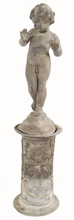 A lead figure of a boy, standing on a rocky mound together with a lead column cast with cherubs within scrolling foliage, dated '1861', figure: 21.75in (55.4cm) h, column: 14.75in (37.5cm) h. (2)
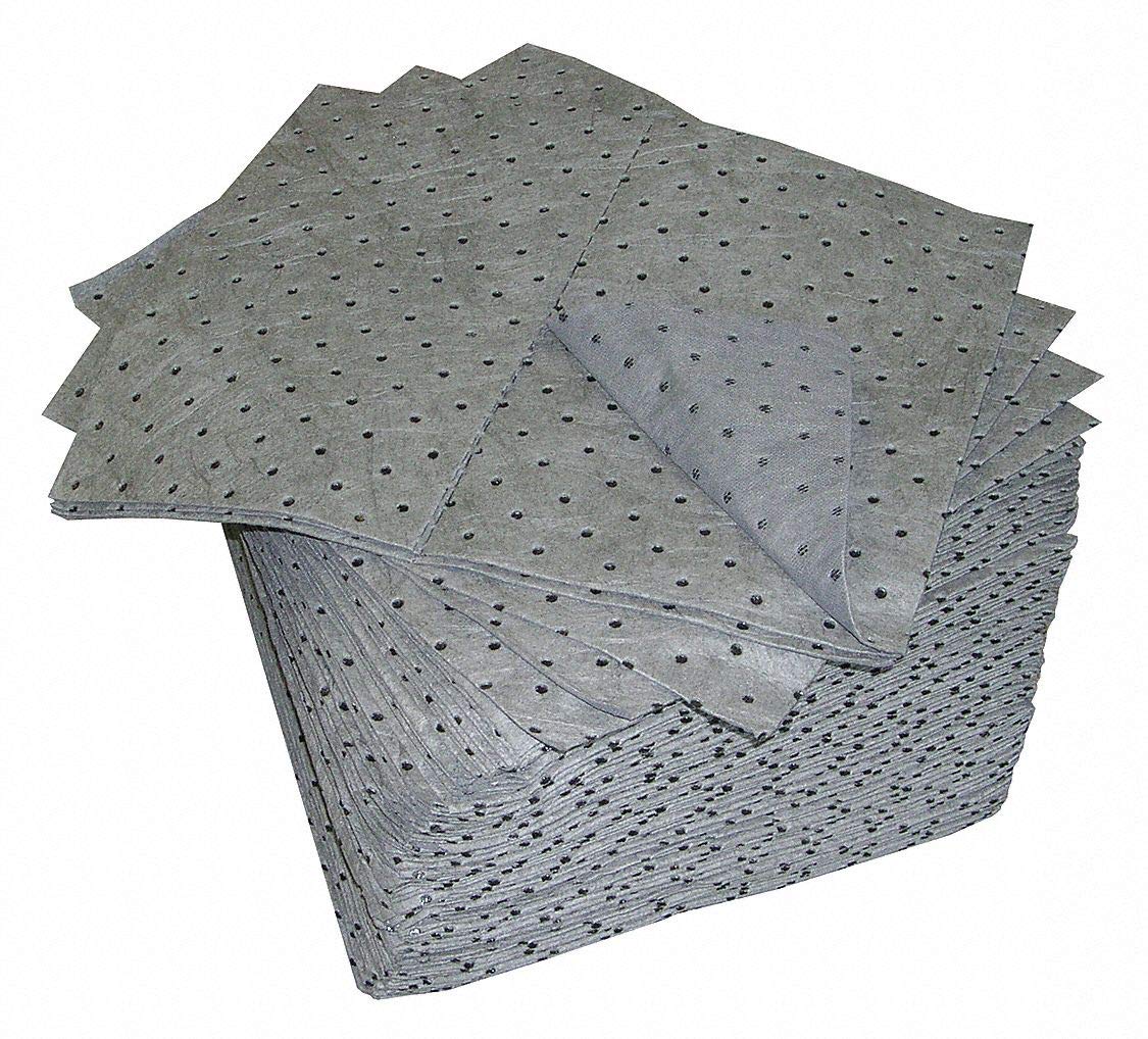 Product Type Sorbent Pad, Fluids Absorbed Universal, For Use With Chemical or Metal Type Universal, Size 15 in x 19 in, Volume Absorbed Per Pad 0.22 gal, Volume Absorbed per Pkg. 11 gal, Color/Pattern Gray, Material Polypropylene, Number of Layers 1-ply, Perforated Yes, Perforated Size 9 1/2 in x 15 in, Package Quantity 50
——
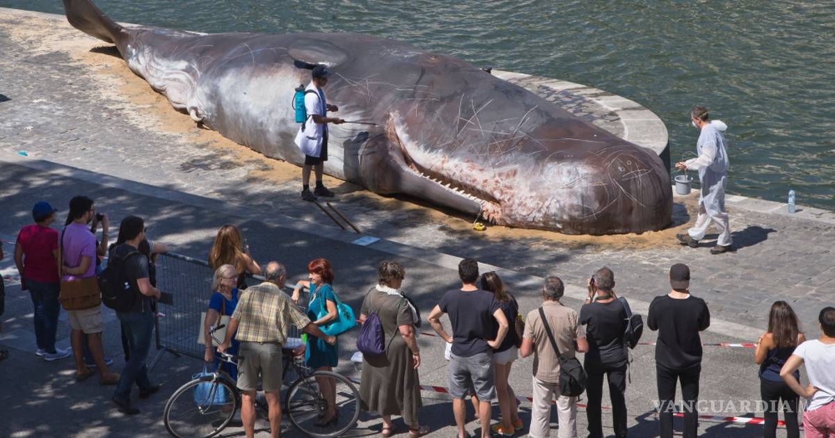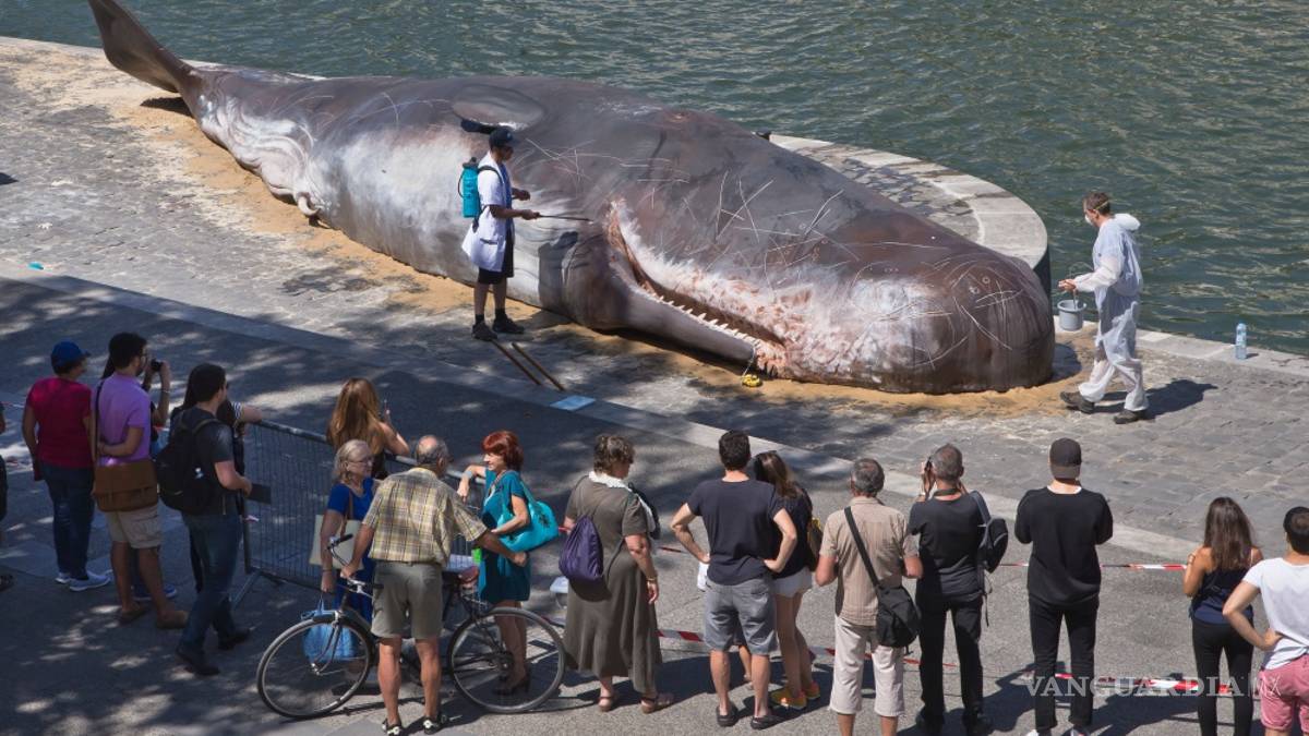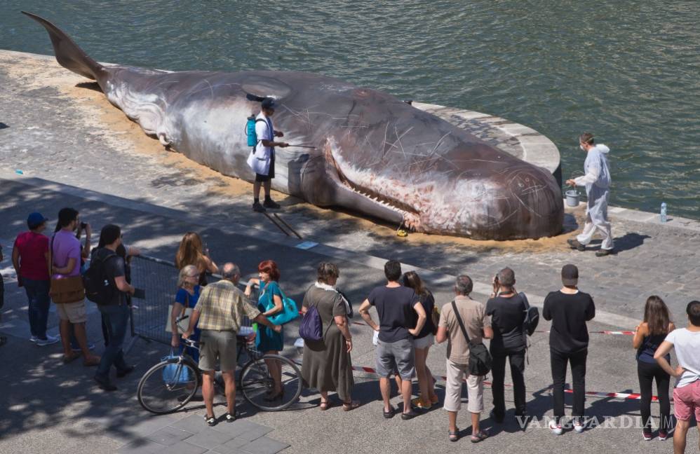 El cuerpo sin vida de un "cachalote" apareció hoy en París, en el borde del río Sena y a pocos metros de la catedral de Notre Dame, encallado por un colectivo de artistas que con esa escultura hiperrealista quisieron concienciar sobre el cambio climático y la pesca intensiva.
——
▸ Task to complete
What should come back is an exact copy of the lines above from the line with "A lead figure" to the line with "Product Type Sorbent", both included, minus the pictures.

▸ Task output
 A lead figure of a boy, standing on a rocky mound together with a lead column cast with cherubs within scrolling foliage, dated '1861', figure: 21.75in (55.4cm) h, column: 14.75in (37.5cm) h. (2)
 Product Type Sorbent Pad, Fluids Absorbed Universal, For Use With Chemical or Metal Type Universal, Size 15 in x 19 in, Volume Absorbed Per Pad 0.22 gal, Volume Absorbed per Pkg. 11 gal, Color/Pattern Gray, Material Polypropylene, Number of Layers 1-ply, Perforated Yes, Perforated Size 9 1/2 in x 15 in, Package Quantity 50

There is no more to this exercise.